Dense hypocrites and brute beasts—Calvin pulls no punches! God’s blessing of Sabbath is not to limit our life to only one day a week and to leave the rest of the week is dreary and dull and given over to brute labor. No, Sabbath is blessed and gifted to us in order to inform, re-form, and transform our lives as we live more fully in God’s story.

The blessing of Sabbath rest in Genesis 2 is re-iterated as a command for Sabbath rest in Exodus 20 and then re-gifted to us in Mark 2—because we forget! We are fickle, forgetful people. We tend to—in a sense—drift out of God’s story. Because we all too easily and naturally pay much more attention to other stories than to God’s story. Rest, and particularly the Sabbath, is God’s built-in antidote to this perennial problem, a day to intentionally remember, to remember who God is and who we are, a day to stop, and an invitation to live, reorienting ourselves to the truest truths of the universe and leaning forward into the day that Jesus promises.


[1] Felicia Wu Song, Restless Devices: Recovering Personhood, Presence, and Place in the Digital Age, 200. Emphasis in original.

[2] Murray, Principles of Conduct: Aspects of Biblical Ethics, 33.

[3] Geerhardus Vos, Biblical Theology, 141.

[4] Peterson, “Confessions of a Former Sabbath-Breaker,” Christianity Today, 2 Sept 1988, https://www.christianitytoday.com/ct/1988/september-2/confessions-of-former-sabbath-breaker.html.

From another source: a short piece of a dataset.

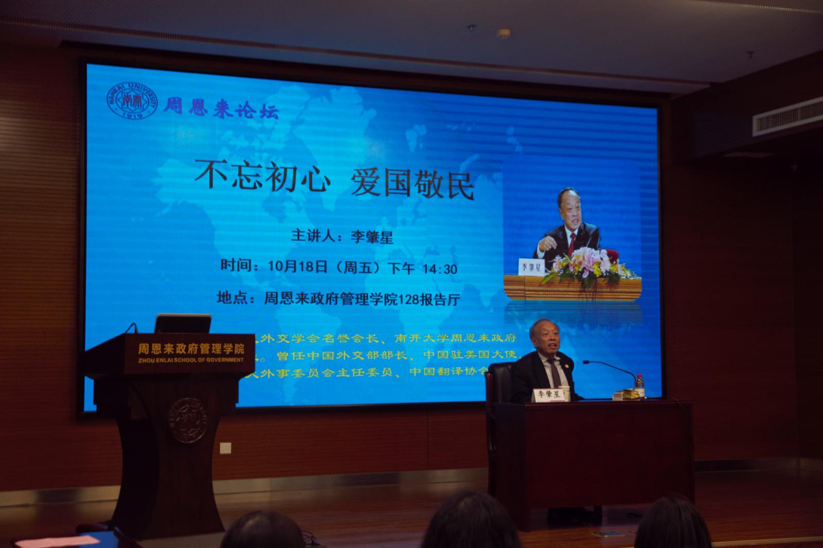 李肇星教授结合丰富的自身经历,在轻松的氛围中表达自身对祖国和人民的热爱,引起在场师生的共鸣。主题讲座内容不仅包括李肇星教授在外交工作方面的经历和心得,更是广泛地讨论了目前国家状况和发展目标,勉励大家要有责任感和使命感,不忘初心,热爱祖国,感恩人民。讲座结束后,李肇星教授回答了同学们的提问,还与现场观众进行了交流互动。

[5] John Calvin, Sermons on Genesis: Chapters 1-11, trans. Rob Roy McGregor, 127.

Joe holds a Masters of Divinity from Reformed Theological Seminary, and currently serves on the pastoral staff of McLean Presbyterian Church. He graduated from American University, where he majored in International Studies with a focus on identity, race, gender, and culture. Joe believes the gospel is big enough to capture all of life and hopes to be a part of bringing that to reality in people’s lives.